## EXERCISE INSTRUCTIONS
Restate the full listing word for word and leave the pictures out.

==== DATA ====

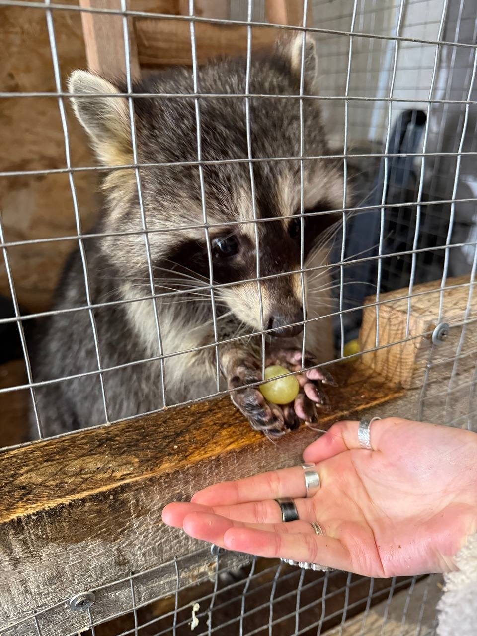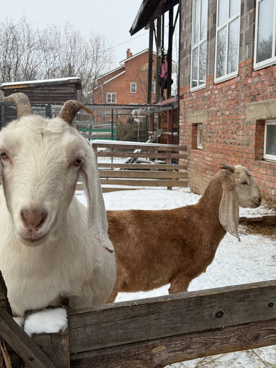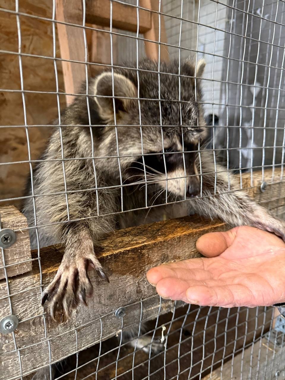 У входа нас встречают дружелюбные козочки, которые любопытно тянут мокрые носы к гостям. По соседству — озорные кролики. Чуть дальше — настоящие звезды фермы: лисицы и еноты. Лисички грациозно наблюдают за происходящим из своих вольеров, а еноты, напротив, стремятся оказаться в центре внимания, ловко перебирая лапками и пытаясь дотянуться до рук гостей.
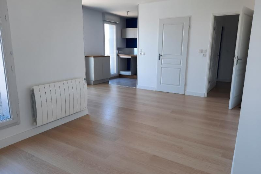 A LOUER - Orvault PETIT CHANTILLY - Appartement 3 pièces de 59 m² - Proche NANTES - Appartement de 3 pièces de 59m² environ, transports (bus, tramway) au pied de l'immeuble, et commerces à proximité. Situé au 3ème étage de cette résidence bien entretenue avec ascenseur, ce logement vous offre une entrée avec placard, un séjour lumineux avec coin cuisine aménagée, donnant sur deux terrasses séparées dont une de 12m² environ. Deux chambres dont une avec placard et une salle de bain avec WC séparé.
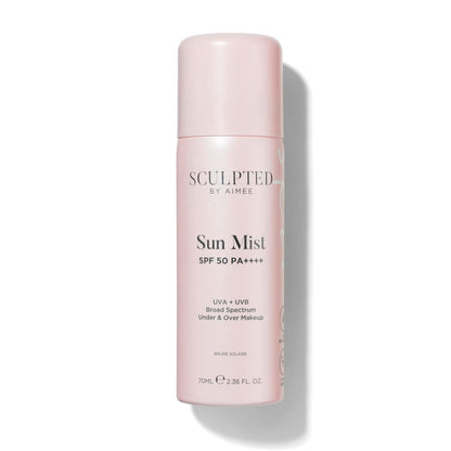 Sculpted by Aimee Sun Mist is an ultra-lightweight, invisible facial mist that offers broad spectrum SPF 50 PA+++ protection. Perfect for on-the-go use, it can be applied both under and over makeup, making it an essential daily shield for UV defence and hydration.
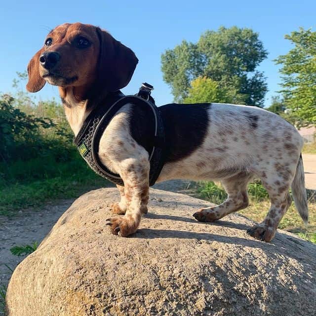 Dachshunds come in a range of colors and patterns, including the dapple pattern that gives them a spotted appearance. Their charming, bold personalities make them favorites among dog lovers.

====

## EXERCISE OUTPUT
 У входа нас встречают дружелюбные козочки, которые любопытно тянут мокрые носы к гостям. По соседству — озорные кролики. Чуть дальше — настоящие звезды фермы: лисицы и еноты. Лисички грациозно наблюдают за происходящим из своих вольеров, а еноты, напротив, стремятся оказаться в центре внимания, ловко перебирая лапками и пытаясь дотянуться до рук гостей.
 A LOUER - Orvault PETIT CHANTILLY - Appartement 3 pièces de 59 m² - Proche NANTES - Appartement de 3 pièces de 59m² environ, transports (bus, tramway) au pied de l'immeuble, et commerces à proximité. Situé au 3ème étage de cette résidence bien entretenue avec ascenseur, ce logement vous offre une entrée avec placard, un séjour lumineux avec coin cuisine aménagée, donnant sur deux terrasses séparées dont une de 12m² environ. Deux chambres dont une avec placard et une salle de bain avec WC séparé.
 Sculpted by Aimee Sun Mist is an ultra-lightweight, invisible facial mist that offers broad spectrum SPF 50 PA+++ protection. Perfect for on-the-go use, it can be applied both under and over makeup, making it an essential daily shield for UV defence and hydration.
 Dachshunds come in a range of colors and patterns, including the dapple pattern that gives them a spotted appearance. Their charming, bold personalities make them favorites among dog lovers.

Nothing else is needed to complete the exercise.